Baldur’s Gate 3 caps off an RPG golden age
Just as The Witcher 3 pushed the boundaries of the genre in 2015, in 2023 Baldur’s Gate 3 blew them apart. No one could have predicted that the most exciting, most talked about, and most impactful game of that year would be an old school isometric RPG, but the intricate sandbox Larian crafted, coupled with surging interest in Dungeons & Dragons, made for a huge mainstream success story. There’s a lot that makes Baldur’s Gate 3 stand out—from its brilliantly memorable characters, to its use of mo-cap to bring dialogue to life, to its weird and wonderful world. But its greatest strength is just how much agency it hands to players. At every step you’re given the power to choose what to do and how to do it, and almost any action you can think of is allowed and, in many cases, actively anticipated with a unique interaction to reward you.
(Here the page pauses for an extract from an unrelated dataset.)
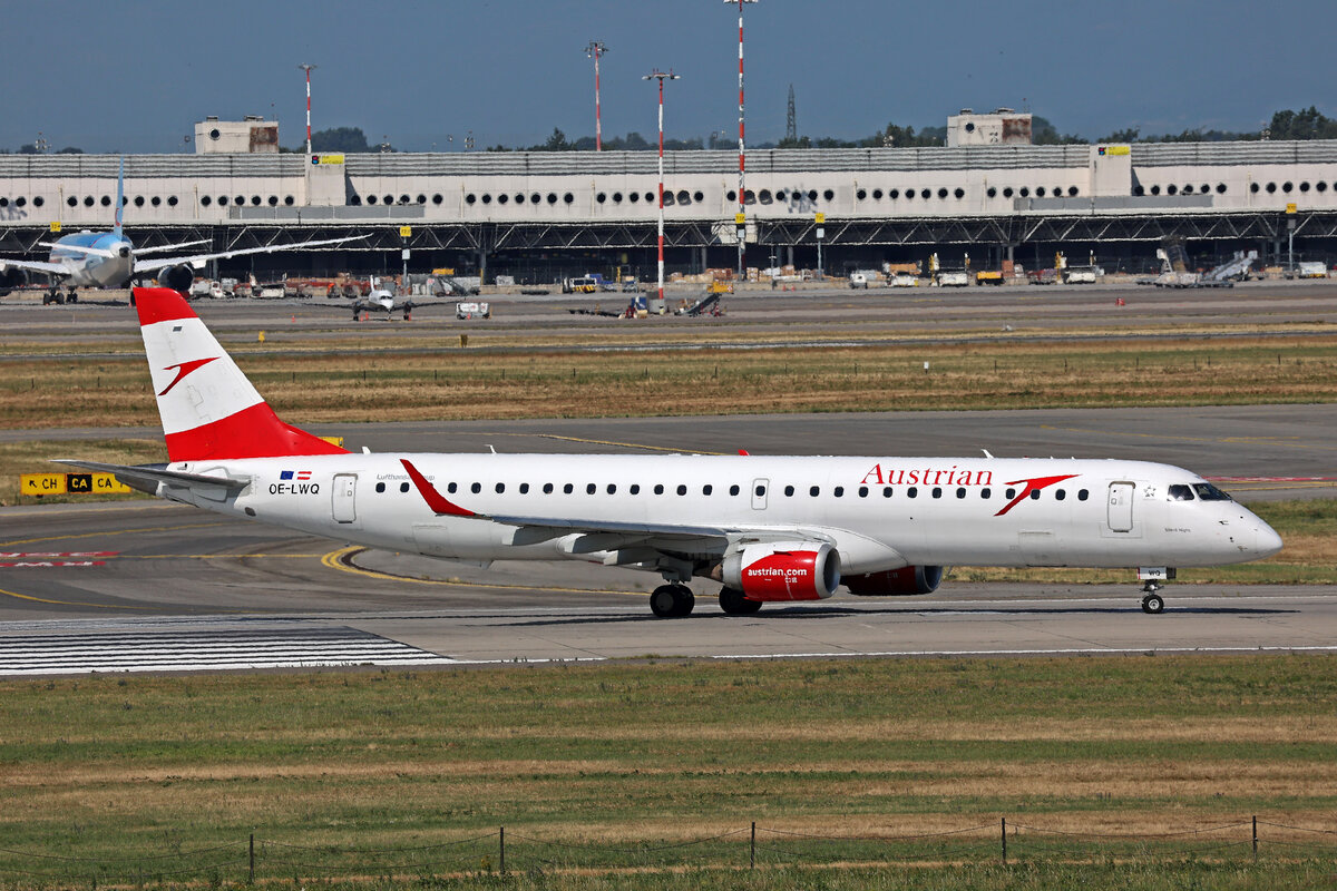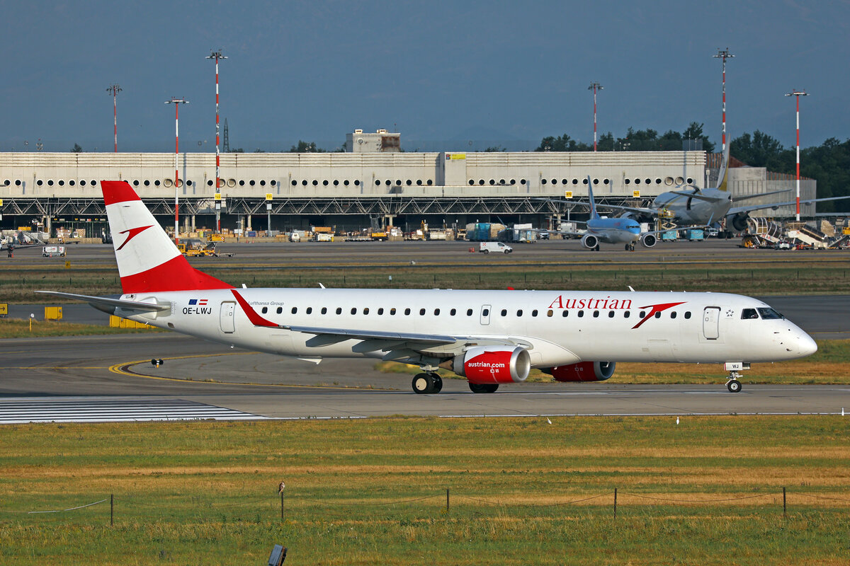 Austrian Airlines, OE-LWJ, Embraer ERJ-195LR, msn: 19000507, 03.Juli 2025, MXP Milano Malpensa, Italy.

Twitch expands the meaning of gaming culture
The last decade of PC gaming has been hugely shaped by Twitch and the many content creators who stream on it. Hundreds of millions now log in every month to keep up with their favourite channels, and streamers can be enormously influential over which games succeed or fail—including launching tiny indies into mega-stardom. Watching other people play games is now almost as integral to the hobby as playing games yourself, and Twitch’s biggest hitters are some of the most famous celebrities of gaming culture. Meanwhile, the breadth of streams available only gets wider and, it has to be admitted, weirder.